At a meeting of the Kenton County mayor’s group — an unofficial group composed of the mayors from Kenton County’s 19 cities — on Jan. 21, a resolution was introduced to oppose the bill’s passage.

The resolution passed nearly unanimously with one holdout, Mayor David Hatter of Fort Wright, who opposed the resolution due to his general stance against mayors making resolutions.

Hatter later took the issue to Fort Wright’s City Council, which unanimously passed a resolution to oppose the bills during a meeting on Feb. 1.

Other cities have followed suit, including Independence, which passed a resolution on Feb. 6.

Ludlow passed a resolution that granted its mayor the right to oppose both bills.

In addition, Walton’s city council unani- mously passed a resolution opposing the bills on Feb. 14. Sources from within the city office claim that council members simply didn’t find the costs associated with an additional round of elections to be worth the trouble.

Erlanger did the same. Fette said that Erlanger’s government was “strongly opposed” to the bill, adding that introducing partisan politics into local elections didn’t make sense.

Mayor Joe Meyer of Covington has not given his stance on the bills one way or another beyond his yes vote at the mayors meeting.

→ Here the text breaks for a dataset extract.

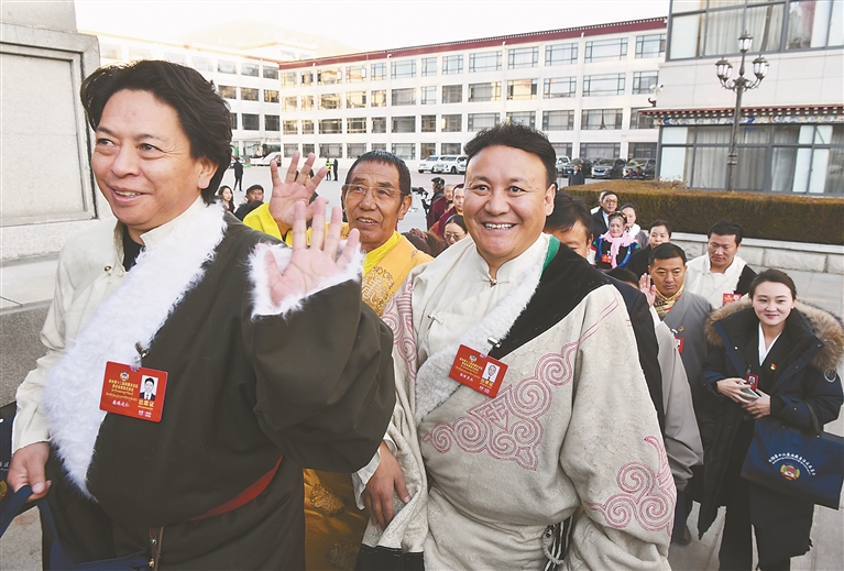 图为政协委员们精神饱满、意气风发步入会场。本报记者 旦增兰泽 摄
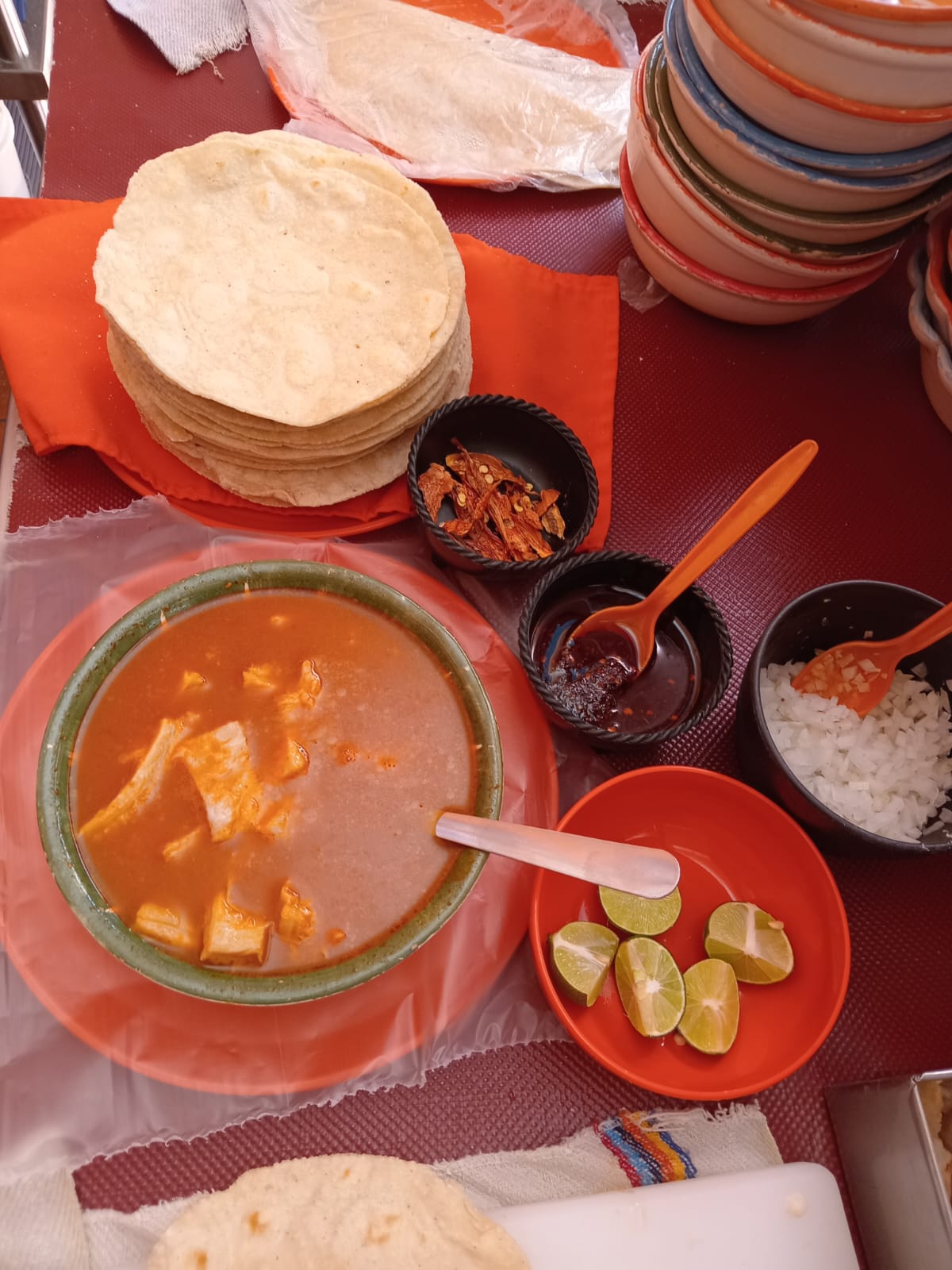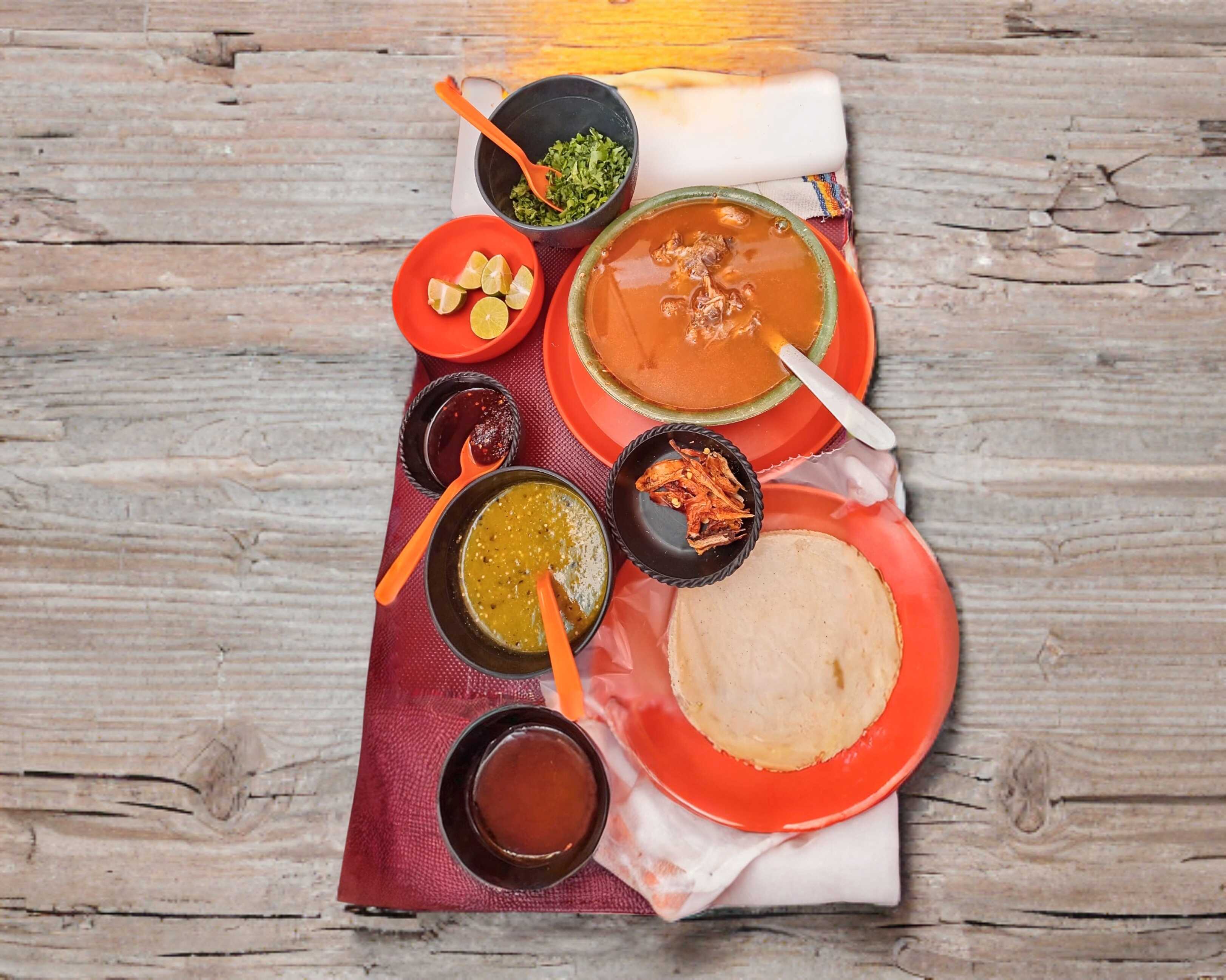 Pancita o surtido con consomé. Incluye tortillas hechas a mano, cebolla, cilantro, limones, salsa verde y/o roja.

At least one member of the Covington Commission, however, has expressed worry about the bill’s potential passage.

Covington Commissioner Nolan Nicaise brought the issue to the commission’s attention at the legislative meeting on Feb. 14. No action relating to the bills was taken at the meeting.

“We and the other commissioners and mayor ran as nonpartisan members,” he said.

At least two Kenton County commissioners agreed.

Later, he added, “I don’t think it’s good for local politics.”

Commissioner Joe Nienaber, in a conversation with LINK nky after a Kenton County Fiscal Court meeting on Feb. 14, said that most of the issues that come up in local politics simply don’t map onto ideological issues that tend to occupy candidates’ attention at the national level.

He also brought up the issue of cost.

“I think it would cost a lot of money,” Nienaber said, especially if primary elections became mandated. “And I think it would require a lot on behalf of people who are really getting paid $2,000, $1,500 a year.”

After the meeting, Commissioner Beth Sewell recalled cities struggling to get enough candidates to run for office in recent elections.

Of the 165 local elections across the three-county region, 50 total non-partisan races went uncontested in the 2022 General Election. There were nearly as many uncontested partisan races, with 44 total races that went uncontested in the 2022 election – meaning more than half of all local elections in 2022 had no contest.

Sewell added that if a particular city wanted to make its elections partisan, it should be allowed to decide on its own.

The city of Florence also passed a resolution opposing the legislation.

“Our leaders oppose any bills that would add substantial costs, require more poll workers and add partisan politics to local offices.”

Florence council also added that “within the state of Kentucky, there are 415 cities and only five of them partake in partisan elections. We ultimately see no significant benefit to requiring partisan elections that would warrant additional cost and challenges presented by the requirement. The city of Florence believes decisions are best made at the local level.”

Senate Bill 50 has been delivered to the committee on local and state governments, where committee members can potentially discard the bill or revise it before it goes to a vote.

House Bill 50 has been introduced to the committee on committees and might be assigned to a different committee sometime during the regular session, which ends March 30.